WHAT IS EXPECTED:
From the line holding "Ρίχνετε τις πατάτες, τα" through the line holding "商品名称:立白天然酵素洗洁精1.45kg 6920174768862" below, write out every line exactly; include both of those lines and drop the pictures.

EXERCISE DATA:
_ _ _ _ _ _ _

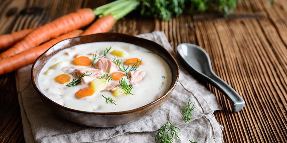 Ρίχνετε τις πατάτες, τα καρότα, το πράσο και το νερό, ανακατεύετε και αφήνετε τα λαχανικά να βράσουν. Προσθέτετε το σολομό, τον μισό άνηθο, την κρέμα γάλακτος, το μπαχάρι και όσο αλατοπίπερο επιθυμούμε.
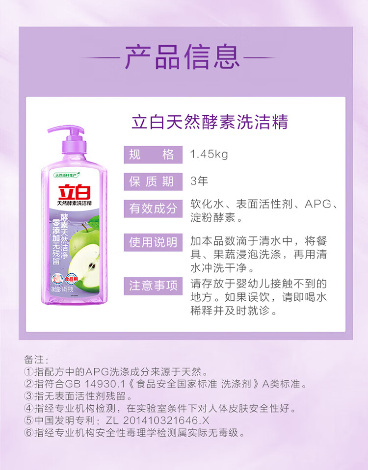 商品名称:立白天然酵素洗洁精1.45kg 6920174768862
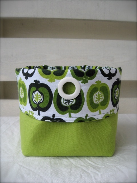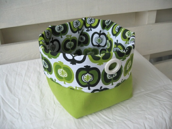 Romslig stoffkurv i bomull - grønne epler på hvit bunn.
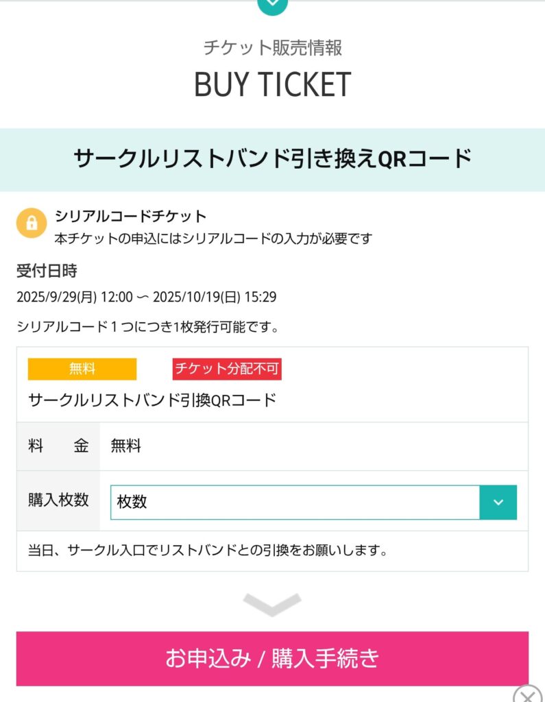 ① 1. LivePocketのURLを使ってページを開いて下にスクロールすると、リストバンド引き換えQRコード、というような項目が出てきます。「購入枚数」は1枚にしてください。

_ _ _ _ _ _ _

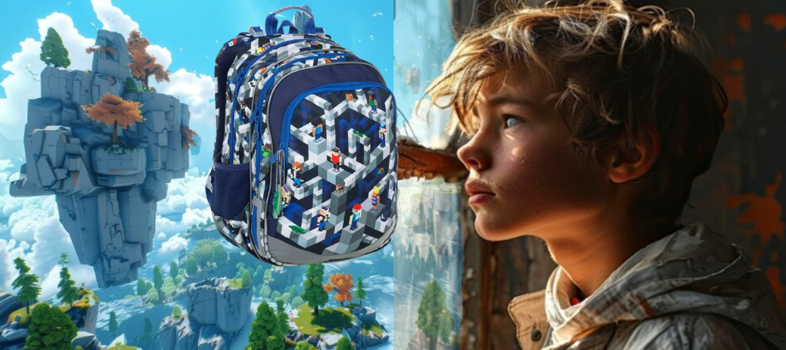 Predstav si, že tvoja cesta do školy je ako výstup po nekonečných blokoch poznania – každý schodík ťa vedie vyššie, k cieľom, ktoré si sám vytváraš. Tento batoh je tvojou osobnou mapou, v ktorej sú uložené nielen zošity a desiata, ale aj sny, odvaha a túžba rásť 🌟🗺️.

_ _ _ _ _ _ _

RESULT FOR THIS TASK:
 Ρίχνετε τις πατάτες, τα καρότα, το πράσο και το νερό, ανακατεύετε και αφήνετε τα λαχανικά να βράσουν. Προσθέτετε το σολομό, τον μισό άνηθο, την κρέμα γάλακτος, το μπαχάρι και όσο αλατοπίπερο επιθυμούμε.
 商品名称:立白天然酵素洗洁精1.45kg 6920174768862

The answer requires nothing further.